Huang Zhao, Hu Haowu, Su Miao
Key Laboratory of Modern Teaching Technology, Ministry of Education, Xi'an 710062, China.
School of Computer Science, Shaanxi Normal University, Xi'an 710119, China.
Entropy (Basel). 2023 Aug 16;25(8):1216. doi: 10.3390/e25081216.

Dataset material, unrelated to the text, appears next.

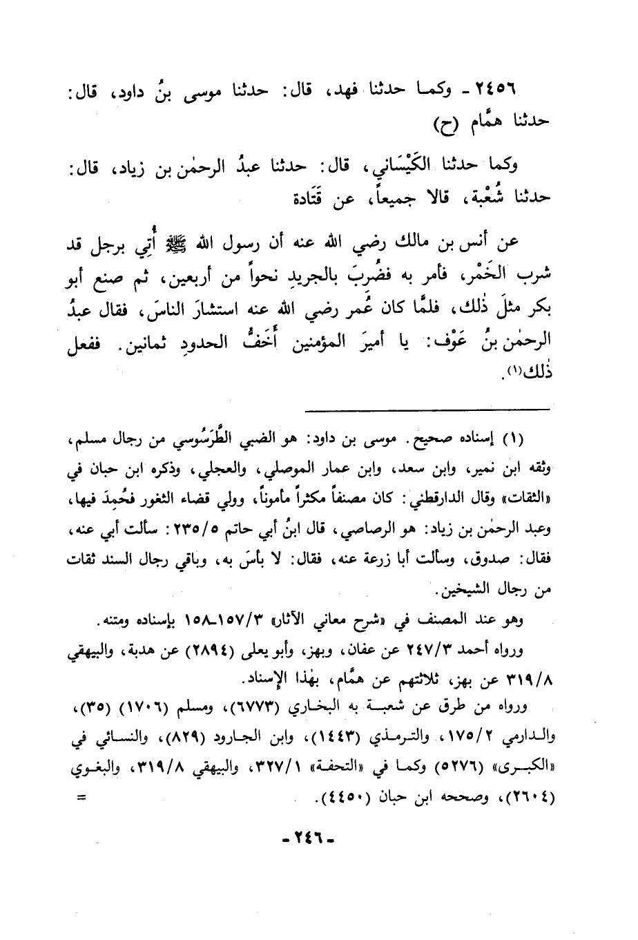 2456 - وَكَمَا حَدَّثَنَا فَهْدٌ، قَالَ: حَدَّثَنَا مُوسَى بْنُ دَاوُدَ، قَالَ: حَدَّثَنَا هَمَّامٌ، (ح) . وَكَمَا حَدَّثَنَا الْكَيْسَانِيُّ، قَالَ: حَدَّثَنَا عَبْدُ الرَّحْمَنِ بْنُ زِيَادٍ، قَالَ: حَدَّثَنَا شُعْبَةُ، قَالَا جَمِيعًا: عَنْ قَتَادَةَ، عَنْ أَنَسِ بْنِ مَالِكٍ رَضِيَ اللهُ عَنْهُ أَنَّ رَسُولَ اللهِ صَلَّى اللَّهُ عَلَيْهِ وَسَلَّمَ أُتِيَ بِرَجُلٍ قَدْ شَرِبَ الْخَمْرَ، فَأَمَرَ بِهِ فَضُرِبَ بِالْجَرِيدِ نَحْوًا مِنْ أَرْبَعِينَ، ثُمَّ صَنَعَ أَبُو بَكْرٍ مِثْلَ ذَلِكَ، فَلَمَّا كَانَ عُمَرُ رَضِيَ اللهُ عَنْهُ اسْتَشَارَ النَّاسَ، فَقَالَ عَبْدُ الرَّحْمَنِ بْنُ عَوْفٍ: " يَا أَمِيرَ الْمُؤْمِنِينَ أَخَفَّ الْحُدُودِ، ثَمَانِينَ ". فَفَعَلَ ذَلِكَ -[247]- قَالَ أَبُو جَعْفَرٍ: أَفَلَا تَرَى إِلَى مَا قَدْ رَوَيْنَاهُ عَنْ عَلِيٍّ مِنْ قَوْلِهِ فِي حَدِّ الْخَمْرِ: إِنَّهُ شَيْءٌ صَنَعْنَاهُ، وَمَا فِي حَدِيثٍ غَيْرِهِ مِنَ التَّحَرِّي الْمَذْكُورِ فِيهِ، وَفِي ذَلِكَ مَا قَدْ دَلَّ أَنَّهُ لَمْ يَكُنْ فِي الْخَمْرِ فِي زَمَنِ النَّبِيِّ صَلَّى اللَّهُ عَلَيْهِ وَسَلَّمَ حَدٌّ مَعْلُومٌ وَلَا مَنْ بَعْدَهُ، حَتَّى كَانَ مِنْ أَصْحَابِهِ رِضْوَانُ اللهِ عَلَيْهِمْ فِي ذَلِكَ مَا كَانَ مِنْهُمْ فِيهِ. وَإِذَا كَانَ الَّذِي قَدْ كَانَ مِنْ رَسُولِ اللهِ صَلَّى اللَّهُ عَلَيْهِ وَسَلَّمَ فِي ذَلِكَ لَمْ يَكُنْ حَدًّا كَانَ تَعْزِيرًا، وَفِيهِ تَجَاوُزُ الْعَشَرَةِ إِلَى مَا فَوْقَهَا مِمَّا ذُكِرَ فِي تِلْكَ الْأَحَادِيثِ , وَفِيهَا عَنْ عَلِيٍّ مَا كَانَ مِنْهُ فِي النَّجَاشِيِّ تَعْزِيرُ الْعِشْرِينَ , وَفِي ذَلِكَ مَا قَدْ تَجَاوَزَ الْعَشَرَةَ، وَفِيمَا ذَكَرْنَا عَنْ رَسُولِ اللهِ صَلَّى اللَّهُ عَلَيْهِ وَسَلَّمَ مَا قَدْ دَلَّ عَلَى أَنَّ لِلْإِمَامِ أَنْ يَتَجَاوَزَ الْعَشَرَةَ فِي التَّعْزِيرِ إِلَى مَا فَوْقَهَا مِمَّا يَجُوزُ أَنْ يَتَجَاوَزَهَا إِلَيْهِ , وَفِي ذَلِكَ مَا قَدْ عَارَضَ حَدِيثَ أَبِي بُرْدَةَ الَّذِي ذَكَرْنَا، وَفِي مُعَارَضَتِهِ إِيَّاهُ مَا قَدْ تَكَافَأَ الْحَدِيثَانِ، إِذْ لَا نَعْلَمُ الْمَنْسُوخَ مِنْهُمَا مِنَ النَّاسِخِ، فَإِذَا تَكَافَآ اتَّسَعَ النَّظَرُ لِلْمُخْتَلِفِينَ فِي ذَلِكَ، وَطُلِبَ الْأَوْلَى مِنْ ذَيْنِكَ الْمَعْنَيَيْنِ، فَوَسِعَهُمْ بِذَلِكَ تَرْكُ حَدِيثِ أَبِي بُرْدَةَ إِلَى خِلَافِهِ مِمَّا قَدْ كَانَ مِنْ رَسُولِ اللهِ صَلَّى اللَّهُ عَلَيْهِ وَسَلَّمَ مِنَ الْعُقُوبَةِ فِي شُرْبِ الْخَمْرِ، بَلْ لَوْ قَالَ قَائِلٌ: إِنَّهُ أَوْلَى مِنْ حَدِيثِ أَبِي بُرْدَةَ؛ لِعَمَلِ أَصْحَابِ رَسُولِ اللهِ صَلَّى اللَّهُ عَلَيْهِ وَسَلَّمَ مِنْ بَعْدِهِ بِهِ، فَكَانَ غَيْرَ مُعَنَّفٍ فِي ذَلِكَ. وَاللهَ عَزَّ وَجَلَّ نَسْأَلُهُ التَّوْفِيقَ
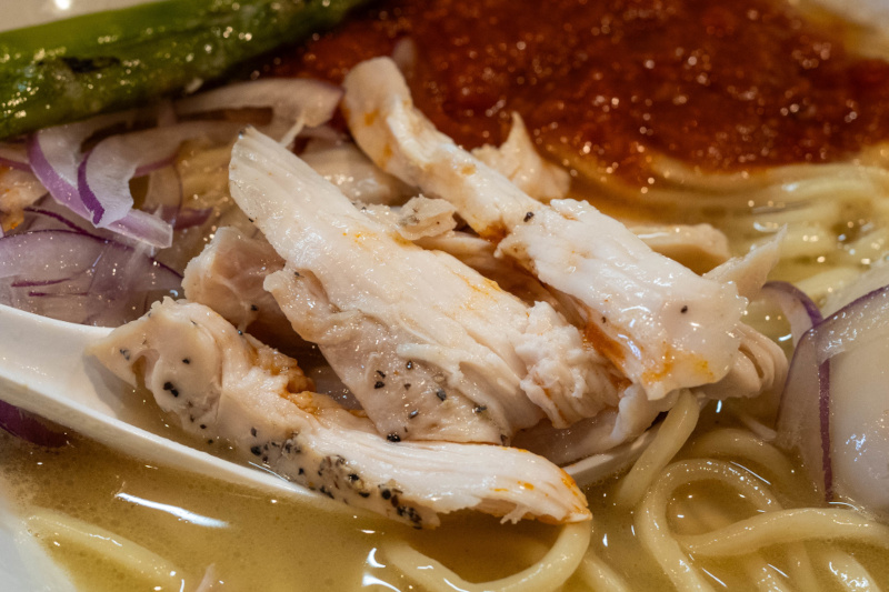 ツルツル、もちもちの太麺がよく合います。 |

Information retrieval across multiple modes has attracted much attention from academics and practitioners. One key challenge of cross-modal retrieval is to eliminate the heterogeneous gap between different patterns. Most of the existing methods tend to jointly construct a common subspace. However, very little attention has been given to the study of the importance of different fine-grained regions of various modalities. This lack of consideration significantly influences the utilization of the extracted information of multiple modalities. Therefore, this study proposes a novel text-image cross-modal retrieval approach that constructs a dual attention network and an enhanced relation network (DAER). More specifically, the dual attention network tends to precisely extract fine-grained weight information from text and images, while the enhanced relation network is used to expand the differences between different categories of data in order to improve the computational accuracy of similarity. The comprehensive experimental results on three widely-used major datasets (i.e., Wikipedia, Pascal Sentence, and XMediaNet) show that our proposed approach is effective and superior to existing cross-modal retrieval methods.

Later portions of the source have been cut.